# TASK DIRECTIONS:
Take the entries below and reproduce exactly the portion that begins at the line containing "1999 - La mulți ani!" and ends at the line containing "Hình 1. Kích thước quả Tô hap điện biên", keeping both ends, dropping pictures, and adding nothing else.

**** EXERCISE MATERIALS ****

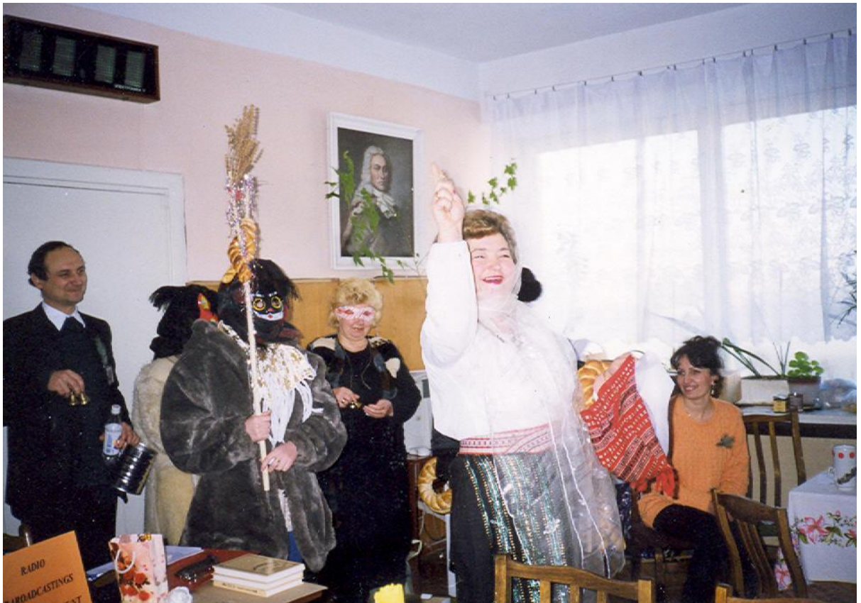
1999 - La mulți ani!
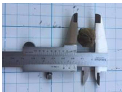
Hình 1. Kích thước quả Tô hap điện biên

****
**** EXERCISE MATERIALS ****

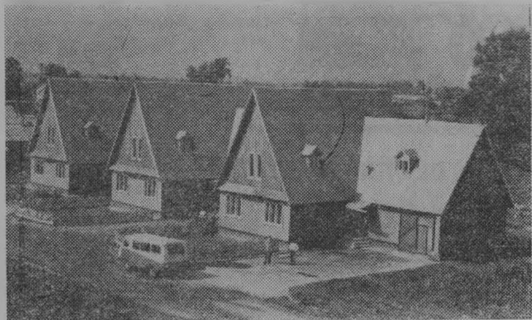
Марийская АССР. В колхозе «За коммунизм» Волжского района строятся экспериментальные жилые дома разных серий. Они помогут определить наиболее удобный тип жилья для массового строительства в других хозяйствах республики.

****

# SOLUTION:
1999 - La mulți ani!
Hình 1. Kích thước quả Tô hap điện biên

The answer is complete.